== SUPPLIED RECORDS ==
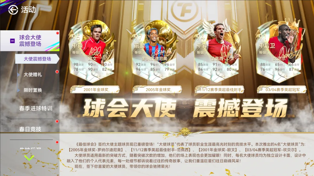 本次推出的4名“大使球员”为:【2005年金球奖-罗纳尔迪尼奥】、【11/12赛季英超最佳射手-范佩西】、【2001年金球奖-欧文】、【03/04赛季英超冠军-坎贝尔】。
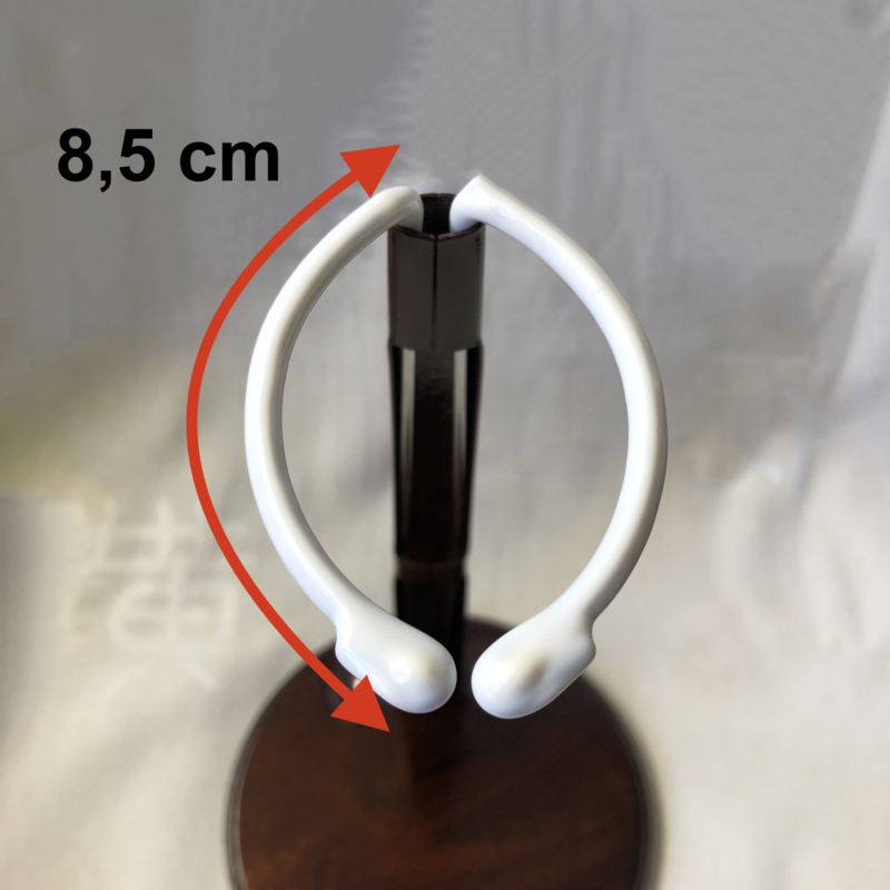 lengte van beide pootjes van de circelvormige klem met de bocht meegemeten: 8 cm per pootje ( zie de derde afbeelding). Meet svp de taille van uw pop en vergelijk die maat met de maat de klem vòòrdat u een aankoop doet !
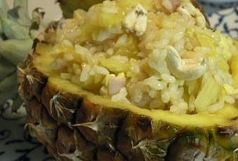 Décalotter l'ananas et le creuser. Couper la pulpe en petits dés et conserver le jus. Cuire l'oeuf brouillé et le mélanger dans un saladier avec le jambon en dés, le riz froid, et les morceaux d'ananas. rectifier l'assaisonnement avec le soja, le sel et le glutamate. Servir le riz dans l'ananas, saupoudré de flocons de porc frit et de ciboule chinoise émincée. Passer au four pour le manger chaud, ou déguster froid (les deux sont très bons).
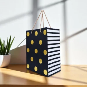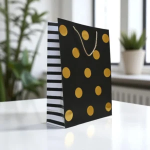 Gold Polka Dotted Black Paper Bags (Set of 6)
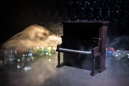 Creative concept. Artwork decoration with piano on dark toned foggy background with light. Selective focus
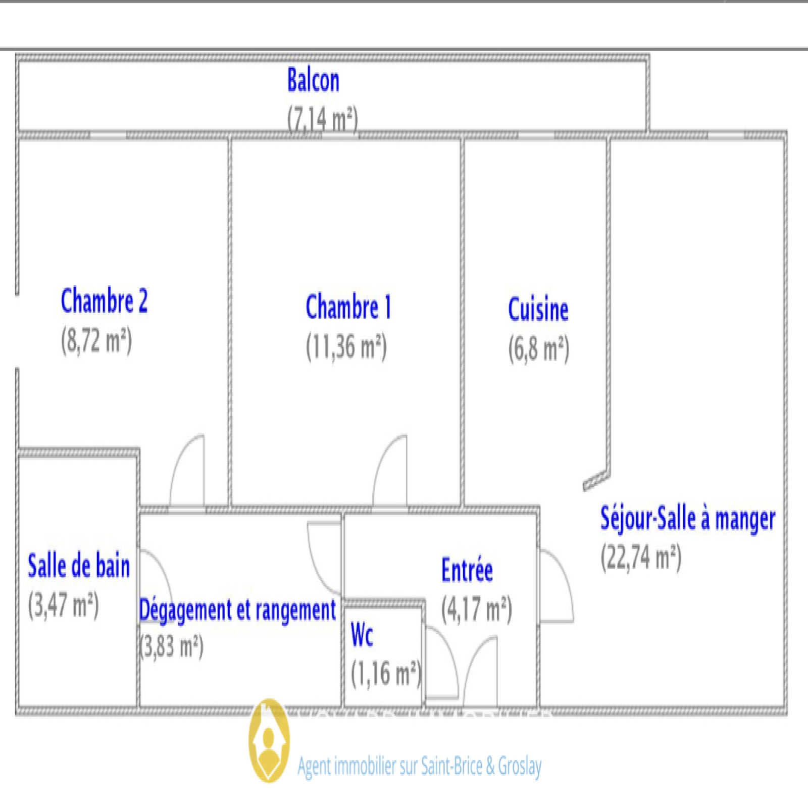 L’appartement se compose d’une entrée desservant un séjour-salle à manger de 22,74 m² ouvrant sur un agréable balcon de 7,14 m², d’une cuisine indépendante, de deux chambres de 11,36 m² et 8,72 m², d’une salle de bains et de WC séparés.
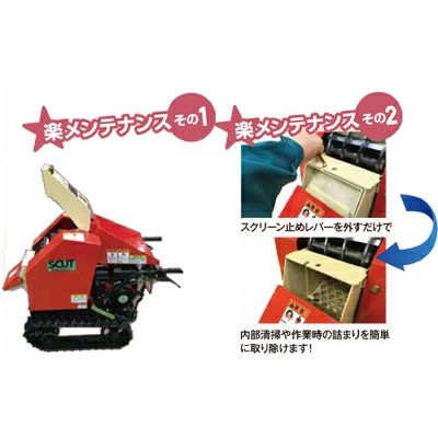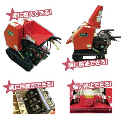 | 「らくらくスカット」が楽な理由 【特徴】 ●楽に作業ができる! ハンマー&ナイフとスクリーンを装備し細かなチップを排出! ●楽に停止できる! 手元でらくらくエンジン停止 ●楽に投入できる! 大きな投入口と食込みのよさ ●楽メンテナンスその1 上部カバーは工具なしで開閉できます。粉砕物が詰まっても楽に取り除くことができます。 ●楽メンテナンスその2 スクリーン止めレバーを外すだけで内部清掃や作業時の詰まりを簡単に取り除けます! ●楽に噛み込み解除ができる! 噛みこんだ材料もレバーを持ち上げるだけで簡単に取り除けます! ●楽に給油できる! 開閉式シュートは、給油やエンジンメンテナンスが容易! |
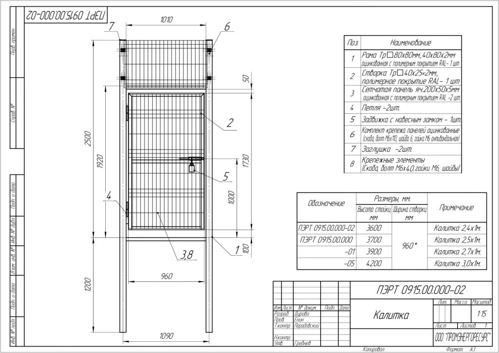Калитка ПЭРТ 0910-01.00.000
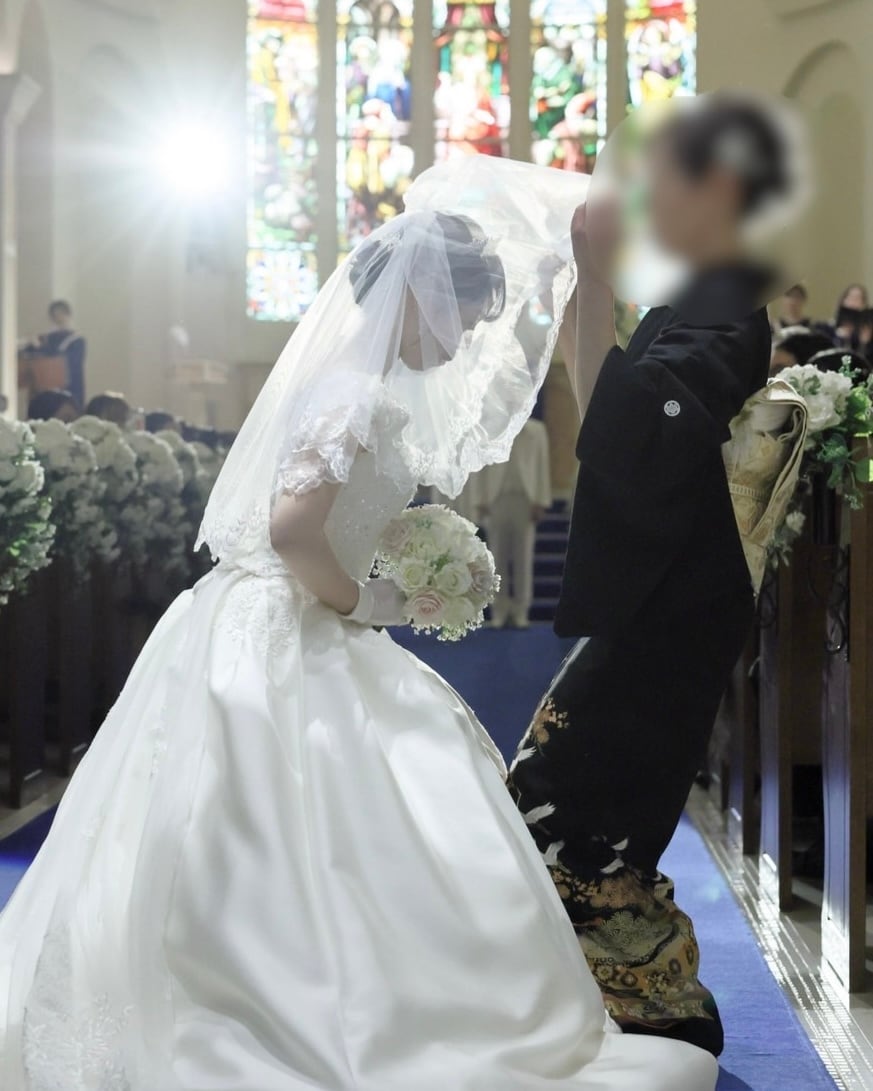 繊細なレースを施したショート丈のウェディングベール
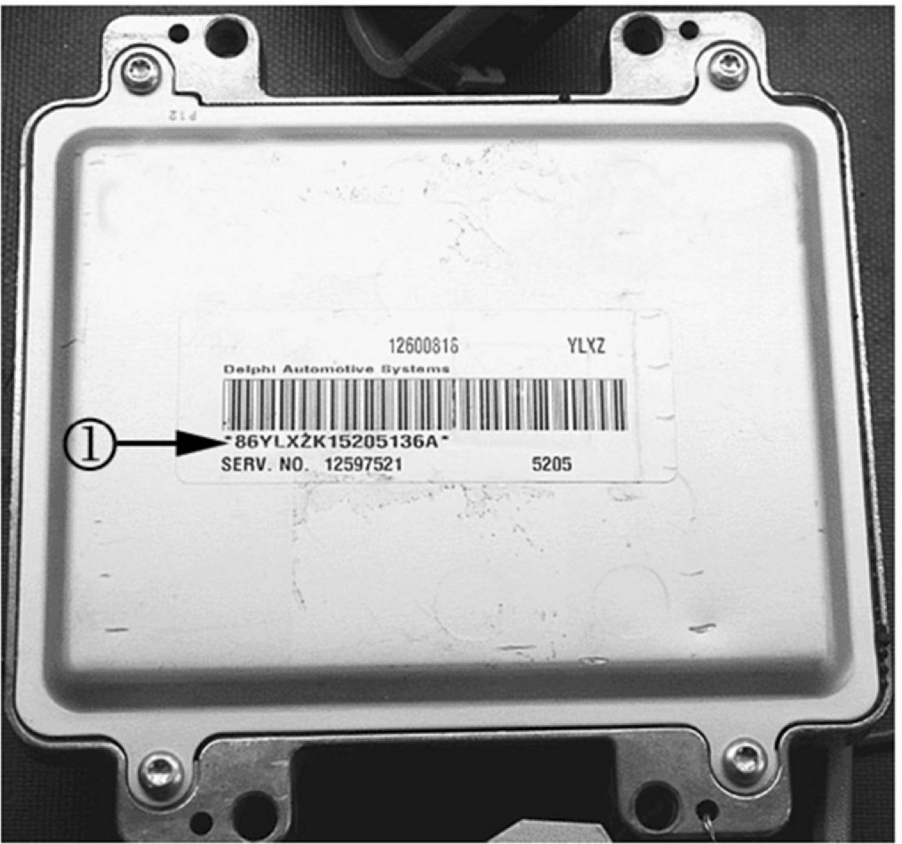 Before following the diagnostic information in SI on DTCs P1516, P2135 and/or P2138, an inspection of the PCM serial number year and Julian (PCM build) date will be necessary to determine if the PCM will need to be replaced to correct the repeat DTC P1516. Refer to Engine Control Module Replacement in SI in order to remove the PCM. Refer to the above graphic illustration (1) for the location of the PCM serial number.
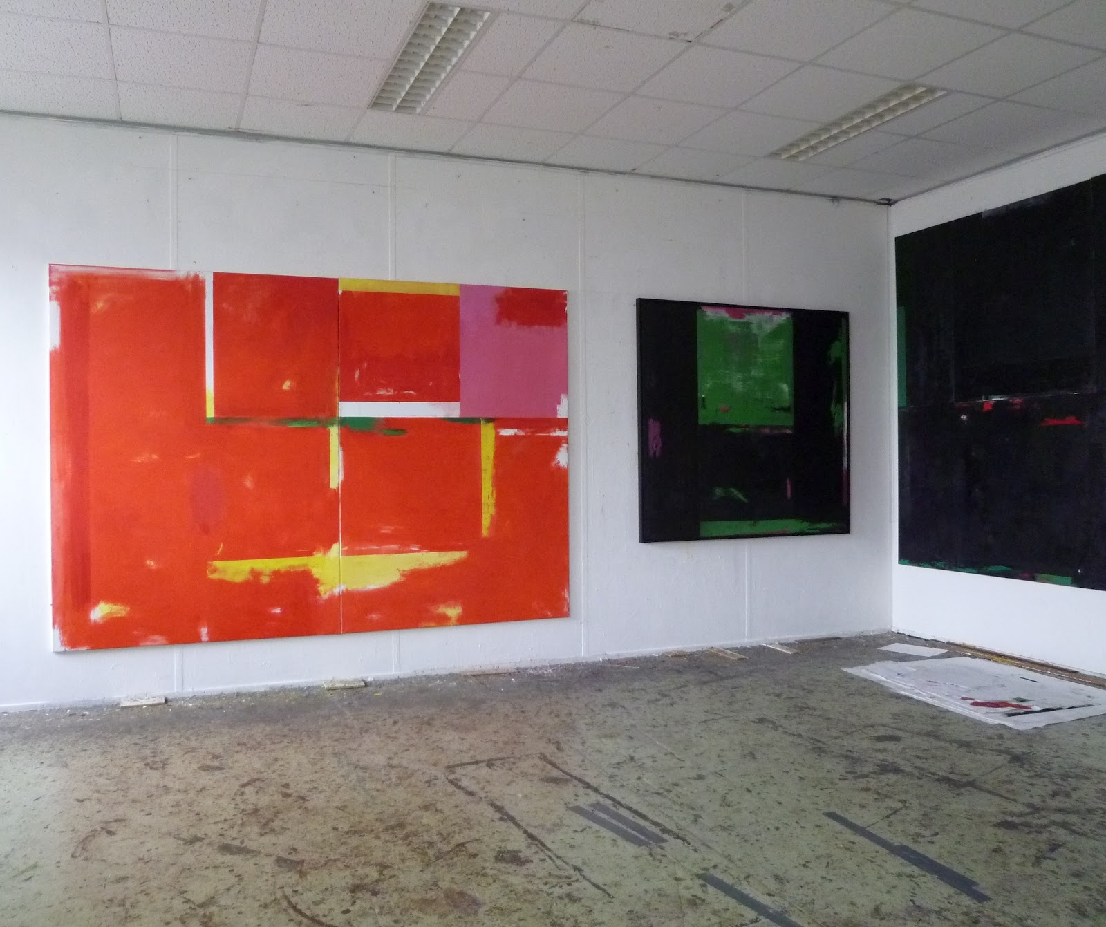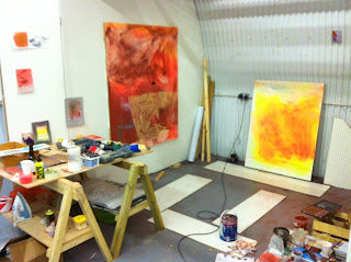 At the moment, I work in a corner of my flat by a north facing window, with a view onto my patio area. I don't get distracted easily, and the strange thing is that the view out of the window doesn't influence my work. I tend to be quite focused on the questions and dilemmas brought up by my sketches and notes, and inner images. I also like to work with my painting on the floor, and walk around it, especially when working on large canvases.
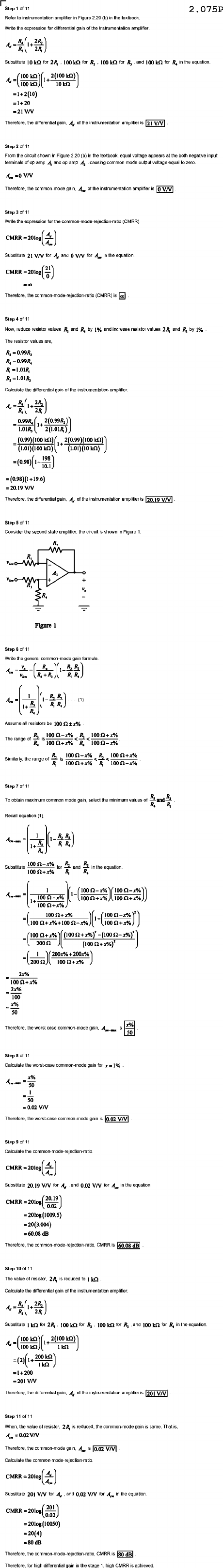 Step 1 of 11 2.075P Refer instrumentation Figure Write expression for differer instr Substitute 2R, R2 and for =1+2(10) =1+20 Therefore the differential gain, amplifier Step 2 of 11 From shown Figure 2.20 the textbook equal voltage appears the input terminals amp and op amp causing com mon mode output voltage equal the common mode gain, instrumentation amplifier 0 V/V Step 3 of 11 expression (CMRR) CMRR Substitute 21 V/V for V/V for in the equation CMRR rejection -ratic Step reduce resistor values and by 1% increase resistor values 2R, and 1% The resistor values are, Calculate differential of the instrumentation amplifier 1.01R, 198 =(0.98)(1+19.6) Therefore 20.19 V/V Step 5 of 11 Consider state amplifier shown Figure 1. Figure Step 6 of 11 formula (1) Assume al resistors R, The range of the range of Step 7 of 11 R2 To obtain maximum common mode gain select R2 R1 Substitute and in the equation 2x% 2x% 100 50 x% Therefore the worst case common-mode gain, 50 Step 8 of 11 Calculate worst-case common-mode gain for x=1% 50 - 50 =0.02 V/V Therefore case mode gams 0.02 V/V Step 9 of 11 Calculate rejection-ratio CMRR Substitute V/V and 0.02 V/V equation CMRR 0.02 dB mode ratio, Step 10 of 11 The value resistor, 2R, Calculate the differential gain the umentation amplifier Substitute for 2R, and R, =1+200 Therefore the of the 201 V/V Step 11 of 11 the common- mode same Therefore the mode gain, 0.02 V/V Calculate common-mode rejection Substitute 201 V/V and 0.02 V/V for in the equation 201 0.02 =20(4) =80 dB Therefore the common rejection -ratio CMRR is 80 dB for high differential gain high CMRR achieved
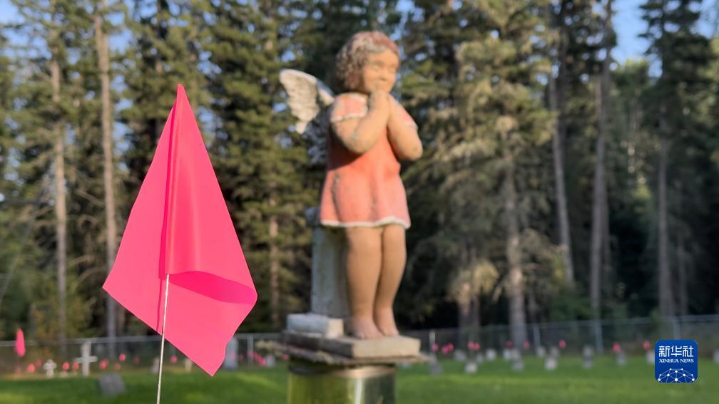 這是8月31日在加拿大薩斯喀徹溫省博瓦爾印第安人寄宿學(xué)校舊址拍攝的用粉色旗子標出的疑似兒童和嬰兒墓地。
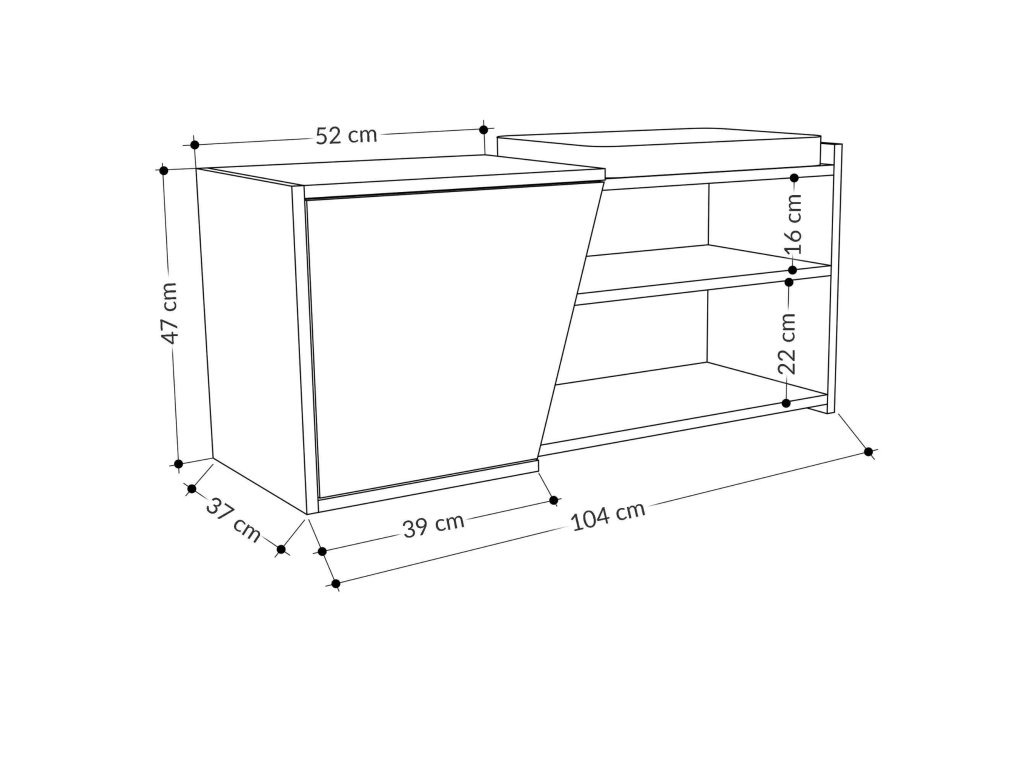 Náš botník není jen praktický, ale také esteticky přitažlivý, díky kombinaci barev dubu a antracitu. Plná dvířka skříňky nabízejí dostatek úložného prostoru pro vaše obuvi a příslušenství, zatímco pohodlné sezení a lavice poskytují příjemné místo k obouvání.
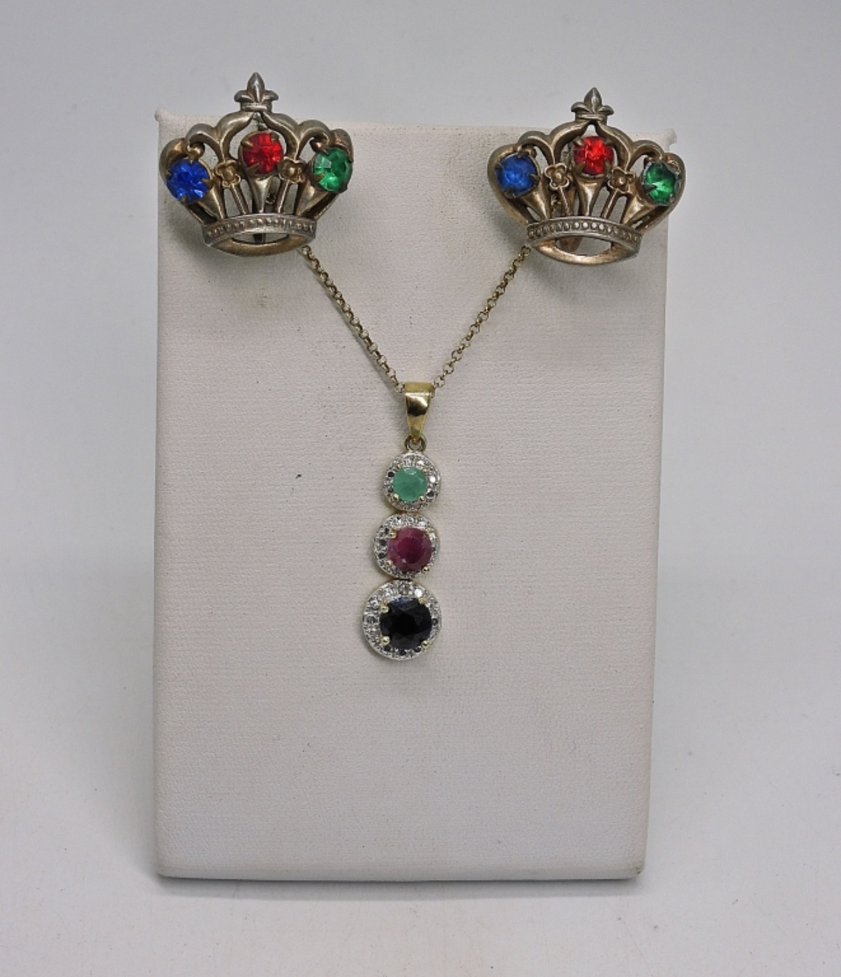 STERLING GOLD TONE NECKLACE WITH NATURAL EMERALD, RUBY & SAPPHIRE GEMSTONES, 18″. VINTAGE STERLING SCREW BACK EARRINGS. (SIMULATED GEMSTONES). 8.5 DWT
===
● **YOUR ASSIGNMENT**
Your answer must be an exact reproduction of all entries, containing no pictures.

● **EXERCISE RESPONSE**
 本次推出的4名“大使球员”为:【2005年金球奖-罗纳尔迪尼奥】、【11/12赛季英超最佳射手-范佩西】、【2001年金球奖-欧文】、【03/04赛季英超冠军-坎贝尔】。
 lengte van beide pootjes van de circelvormige klem met de bocht meegemeten: 8 cm per pootje ( zie de derde afbeelding). Meet svp de taille van uw pop en vergelijk die maat met de maat de klem vòòrdat u een aankoop doet !
 Décalotter l'ananas et le creuser. Couper la pulpe en petits dés et conserver le jus. Cuire l'oeuf brouillé et le mélanger dans un saladier avec le jambon en dés, le riz froid, et les morceaux d'ananas. rectifier l'assaisonnement avec le soja, le sel et le glutamate. Servir le riz dans l'ananas, saupoudré de flocons de porc frit et de ciboule chinoise émincée. Passer au four pour le manger chaud, ou déguster froid (les deux sont très bons).
 Gold Polka Dotted Black Paper Bags (Set of 6)
 Creative concept. Artwork decoration with piano on dark toned foggy background with light. Selective focus
 L’appartement se compose d’une entrée desservant un séjour-salle à manger de 22,74 m² ouvrant sur un agréable balcon de 7,14 m², d’une cuisine indépendante, de deux chambres de 11,36 m² et 8,72 m², d’une salle de bains et de WC séparés.
 | 「らくらくスカット」が楽な理由 【特徴】 ●楽に作業ができる! ハンマー&ナイフとスクリーンを装備し細かなチップを排出! ●楽に停止できる! 手元でらくらくエンジン停止 ●楽に投入できる! 大きな投入口と食込みのよさ ●楽メンテナンスその1 上部カバーは工具なしで開閉できます。粉砕物が詰まっても楽に取り除くことができます。 ●楽メンテナンスその2 スクリーン止めレバーを外すだけで内部清掃や作業時の詰まりを簡単に取り除けます! ●楽に噛み込み解除ができる! 噛みこんだ材料もレバーを持ち上げるだけで簡単に取り除けます! ●楽に給油できる! 開閉式シュートは、給油やエンジンメンテナンスが容易! |
Калитка ПЭРТ 0910-01.00.000
 繊細なレースを施したショート丈のウェディングベール
 Before following the diagnostic information in SI on DTCs P1516, P2135 and/or P2138, an inspection of the PCM serial number year and Julian (PCM build) date will be necessary to determine if the PCM will need to be replaced to correct the repeat DTC P1516. Refer to Engine Control Module Replacement in SI in order to remove the PCM. Refer to the above graphic illustration (1) for the location of the PCM serial number.
 At the moment, I work in a corner of my flat by a north facing window, with a view onto my patio area. I don't get distracted easily, and the strange thing is that the view out of the window doesn't influence my work. I tend to be quite focused on the questions and dilemmas brought up by my sketches and notes, and inner images. I also like to work with my painting on the floor, and walk around it, especially when working on large canvases.
 Step 1 of 11 2.075P Refer instrumentation Figure Write expression for differer instr Substitute 2R, R2 and for =1+2(10) =1+20 Therefore the differential gain, amplifier Step 2 of 11 From shown Figure 2.20 the textbook equal voltage appears the input terminals amp and op amp causing com mon mode output voltage equal the common mode gain, instrumentation amplifier 0 V/V Step 3 of 11 expression (CMRR) CMRR Substitute 21 V/V for V/V for in the equation CMRR rejection -ratic Step reduce resistor values and by 1% increase resistor values 2R, and 1% The resistor values are, Calculate differential of the instrumentation amplifier 1.01R, 198 =(0.98)(1+19.6) Therefore 20.19 V/V Step 5 of 11 Consider state amplifier shown Figure 1. Figure Step 6 of 11 formula (1) Assume al resistors R, The range of the range of Step 7 of 11 R2 To obtain maximum common mode gain select R2 R1 Substitute and in the equation 2x% 2x% 100 50 x% Therefore the worst case common-mode gain, 50 Step 8 of 11 Calculate worst-case common-mode gain for x=1% 50 - 50 =0.02 V/V Therefore case mode gams 0.02 V/V Step 9 of 11 Calculate rejection-ratio CMRR Substitute V/V and 0.02 V/V equation CMRR 0.02 dB mode ratio, Step 10 of 11 The value resistor, 2R, Calculate the differential gain the umentation amplifier Substitute for 2R, and R, =1+200 Therefore the of the 201 V/V Step 11 of 11 the common- mode same Therefore the mode gain, 0.02 V/V Calculate common-mode rejection Substitute 201 V/V and 0.02 V/V for in the equation 201 0.02 =20(4) =80 dB Therefore the common rejection -ratio CMRR is 80 dB for high differential gain high CMRR achieved
 這是8月31日在加拿大薩斯喀徹溫省博瓦爾印第安人寄宿學(xué)校舊址拍攝的用粉色旗子標出的疑似兒童和嬰兒墓地。
 Náš botník není jen praktický, ale také esteticky přitažlivý, díky kombinaci barev dubu a antracitu. Plná dvířka skříňky nabízejí dostatek úložného prostoru pro vaše obuvi a příslušenství, zatímco pohodlné sezení a lavice poskytují příjemné místo k obouvání.
 STERLING GOLD TONE NECKLACE WITH NATURAL EMERALD, RUBY & SAPPHIRE GEMSTONES, 18″. VINTAGE STERLING SCREW BACK EARRINGS. (SIMULATED GEMSTONES). 8.5 DWT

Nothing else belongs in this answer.